Fortunately, Schatz had the common sense to set up his contract so that he retained the rights to all of his concepts, including that of Monaco. Schatz left TKO to found his own independent company, PocketWatch Games, at the start of 2005, but his idea for Monaco was forgotten in favor of a string of simulation games.
His Next Venture
Wildlife Tycoon: Venture Africa came first, a sim game about animal life on the African plains, with plenty of focus on balancing the ecosystem. The game was released in October 2005, and was a huge success for Schatz. Besides the IGF nomination and the streams of press he received, the game sold nearly 100,000 copies online and at retail.
But it was a short-lived success story. In Schatz's words, "it all sort of petered out."
"I made Venture Africa, which did pretty well at first," he says, "then I made Venture Arctic, which flopped horribly.
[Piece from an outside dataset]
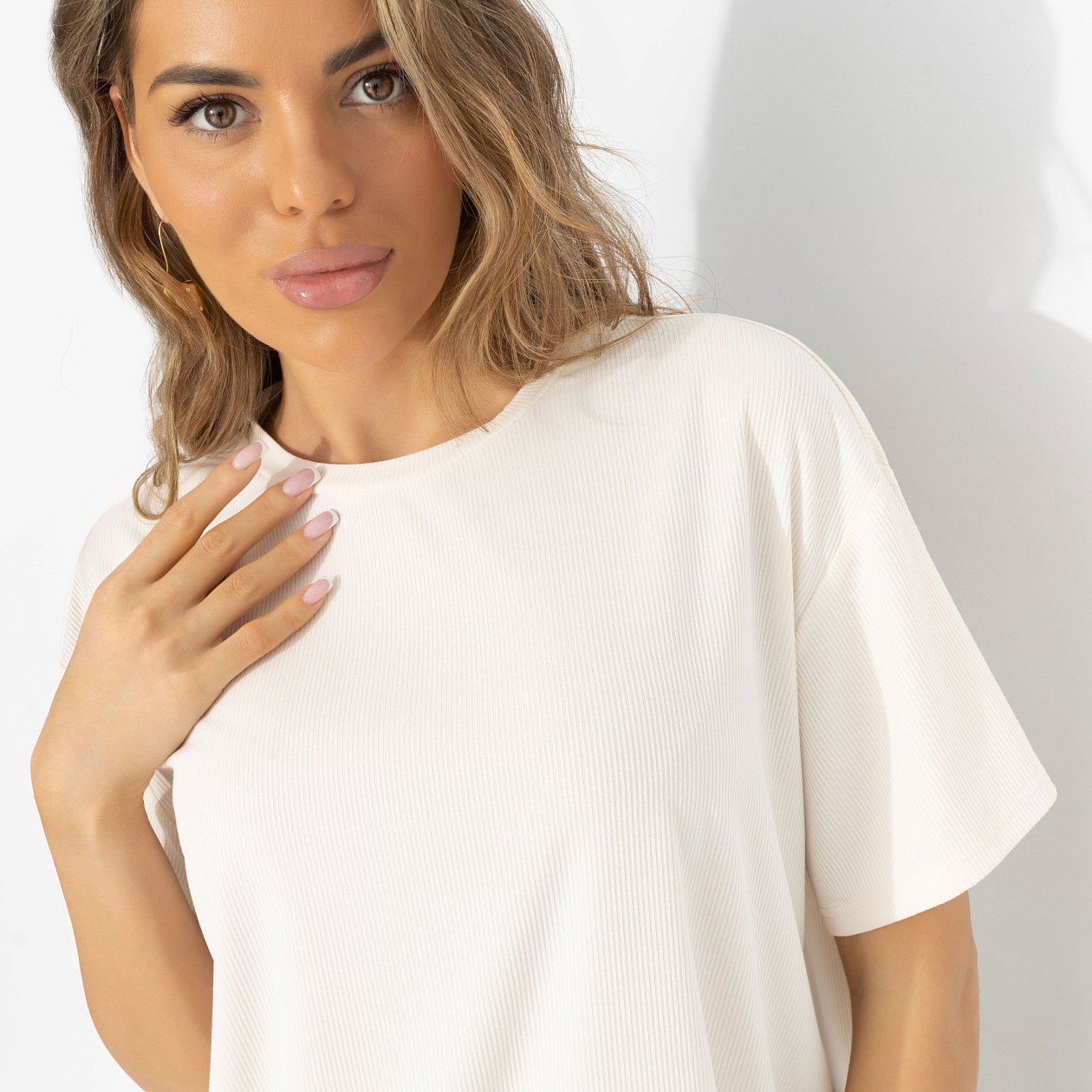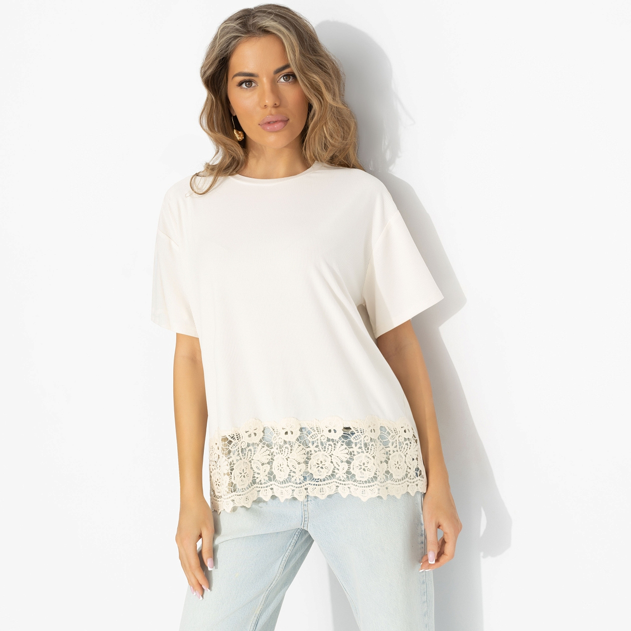 Кто сказал, что принцессы не носят футболки? Эта – про утро выходного, кофе со светлым интерьером и планы без расписания. Нежный оттенок, кружево и ощущение, что можно быть мягкой, не теряя уверенности. Это не образ «на выход», это образ «для себя». Трикотаж с вискозой приятен к телу и хорошо дышит. Кружевная отделка добавляет женственный акцент и делает футболку интереснее, чем просто база. Свободный крой позволяет сочетать её с джинсами, брюками и юбками. Подходит для повседневных и расслабленных образов.

With Venture Africa, I felt like I had found a way to appeal to people, and with Venture Arctic, I figured out how to make an interesting game, without making it all that fun."
Venture Dinosauria followed, and with this next in the series, Schatz attempted what he couldn't achieve with Venture Arctic -- to create a game that was both interesting and fun. "But I worked on it for like a year, and I never discovered it," he admits.
"I think sim games in general are like the Quadruple Lutz in ice-skating, or whatever the most difficult move is," he laughs. "They're incredibly difficult to design, because at their heart they are defined by what the game does, and not what the interaction with the player is. In almost every other genre, things are defined by the interaction with the player, and it's a lot easier to find the fun in a game that focuses on the relationship with the player."
But the real problem with building simulation games, says Schatz, is that they're never any fun until well into the project, making it difficult to assess whether you've actually got a good game until months and years into development.
"Part of the interestingness of many sim games is that the underlying systems are complex enough that they're not instantly deterministic to the player, and they do things that you don't expect," he adds. "I heard an anecdote that The Sims wasn't actually fun until around four months before it shipped, and Will Wright was trying to get that thing made for about 10 or 15 years, or something like that."
Schatz goes on, "So sim games are really difficult to work on, because there's just no defined goal. And you know, when there are defined goals, that's sometimes the least fun part of the game. Sim games are often just a toy that the player can poke at, and they're not easy to design."
And yet despite all this, the PocketWatch founder spent so long on Venture Dinosauria because he believed that he had found the right mixture of appeal and marketability to make it a hit. Unfortunately, as he looks back on it now, he realizes that he just never managed to figure out the game's design, such that it would actually be any fun.
"I just never found a way to make it both fun and open-ended, but also a small, self-contained experience at the same time," he says. "With Dinosauria, I wanted to make the defining piece on what the world looked like when it was just dinosaurs. What did an actual dinosaur ecosystem look like? How did dinosaurs sleep, how did they pee -- but we don't think about them that way. We think about them as ancient monsters, and I wanted to portray them as animals."
"But I never discovered that game," he sighs.